• **WHAT THE TASK ASKS**
In the listing below, the answer starts at the line that has "Le mobilier des" and stops after the line that has "swojego przedsiębiorstwa odpowiada: „Chyba"; please repeat that part exactly and nothing more.

• **ENTRIES SUPPLIED**
━━━━━━━━━━━━━━━━
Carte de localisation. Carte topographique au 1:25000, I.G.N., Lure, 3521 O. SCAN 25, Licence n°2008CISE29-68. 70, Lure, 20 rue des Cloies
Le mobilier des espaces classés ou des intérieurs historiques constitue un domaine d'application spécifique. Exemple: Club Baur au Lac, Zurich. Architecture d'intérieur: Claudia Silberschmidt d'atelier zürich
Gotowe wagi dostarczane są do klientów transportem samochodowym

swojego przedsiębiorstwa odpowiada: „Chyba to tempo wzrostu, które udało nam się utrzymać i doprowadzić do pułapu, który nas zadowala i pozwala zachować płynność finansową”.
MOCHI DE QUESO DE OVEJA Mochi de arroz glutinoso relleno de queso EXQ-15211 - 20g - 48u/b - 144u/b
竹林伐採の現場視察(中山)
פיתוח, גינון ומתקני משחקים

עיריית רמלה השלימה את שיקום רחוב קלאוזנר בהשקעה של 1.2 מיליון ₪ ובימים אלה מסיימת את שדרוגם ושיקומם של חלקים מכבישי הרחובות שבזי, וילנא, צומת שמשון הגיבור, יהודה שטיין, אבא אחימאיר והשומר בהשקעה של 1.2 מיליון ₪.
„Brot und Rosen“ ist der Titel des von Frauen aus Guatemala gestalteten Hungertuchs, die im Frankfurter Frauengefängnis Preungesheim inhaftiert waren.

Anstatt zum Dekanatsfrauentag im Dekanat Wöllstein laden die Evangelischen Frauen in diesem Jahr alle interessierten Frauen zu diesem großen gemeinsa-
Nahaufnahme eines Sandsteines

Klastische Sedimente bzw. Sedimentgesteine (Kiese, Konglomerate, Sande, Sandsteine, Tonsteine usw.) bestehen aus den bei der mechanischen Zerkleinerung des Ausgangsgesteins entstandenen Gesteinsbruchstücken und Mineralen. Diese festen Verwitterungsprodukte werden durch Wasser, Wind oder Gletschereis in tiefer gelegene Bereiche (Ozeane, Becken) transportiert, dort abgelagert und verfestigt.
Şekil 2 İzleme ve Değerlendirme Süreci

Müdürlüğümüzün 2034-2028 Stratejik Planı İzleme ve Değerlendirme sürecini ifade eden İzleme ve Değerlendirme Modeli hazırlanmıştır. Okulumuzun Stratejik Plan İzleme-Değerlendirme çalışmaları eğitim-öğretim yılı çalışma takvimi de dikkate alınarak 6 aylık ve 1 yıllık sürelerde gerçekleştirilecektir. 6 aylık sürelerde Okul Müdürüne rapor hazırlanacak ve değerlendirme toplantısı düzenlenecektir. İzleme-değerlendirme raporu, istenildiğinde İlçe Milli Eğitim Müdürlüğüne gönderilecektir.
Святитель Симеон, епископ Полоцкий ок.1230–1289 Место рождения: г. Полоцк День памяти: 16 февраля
━━━━━━━━━━━━━━━━
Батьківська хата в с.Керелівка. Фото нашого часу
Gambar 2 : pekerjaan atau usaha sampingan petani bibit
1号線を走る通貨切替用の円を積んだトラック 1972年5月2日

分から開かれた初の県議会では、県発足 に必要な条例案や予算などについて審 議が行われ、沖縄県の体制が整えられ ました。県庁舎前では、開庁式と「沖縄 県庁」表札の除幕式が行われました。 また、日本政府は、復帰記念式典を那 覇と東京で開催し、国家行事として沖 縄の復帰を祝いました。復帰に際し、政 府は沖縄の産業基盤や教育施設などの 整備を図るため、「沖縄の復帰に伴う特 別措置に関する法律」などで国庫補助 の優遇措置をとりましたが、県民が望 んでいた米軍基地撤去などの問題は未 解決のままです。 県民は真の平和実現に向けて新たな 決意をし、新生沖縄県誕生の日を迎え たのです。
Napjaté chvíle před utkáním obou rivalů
━━━━━━━━━━━━━━━━
• **TASK OUTPUT**
Le mobilier des espaces classés ou des intérieurs historiques constitue un domaine d'application spécifique. Exemple: Club Baur au Lac, Zurich. Architecture d'intérieur: Claudia Silberschmidt d'atelier zürich
Gotowe wagi dostarczane są do klientów transportem samochodowym

swojego przedsiębiorstwa odpowiada: „Chyba to tempo wzrostu, które udało nam się utrzymać i doprowadzić do pułapu, który nas zadowala i pozwala zachować płynność finansową”.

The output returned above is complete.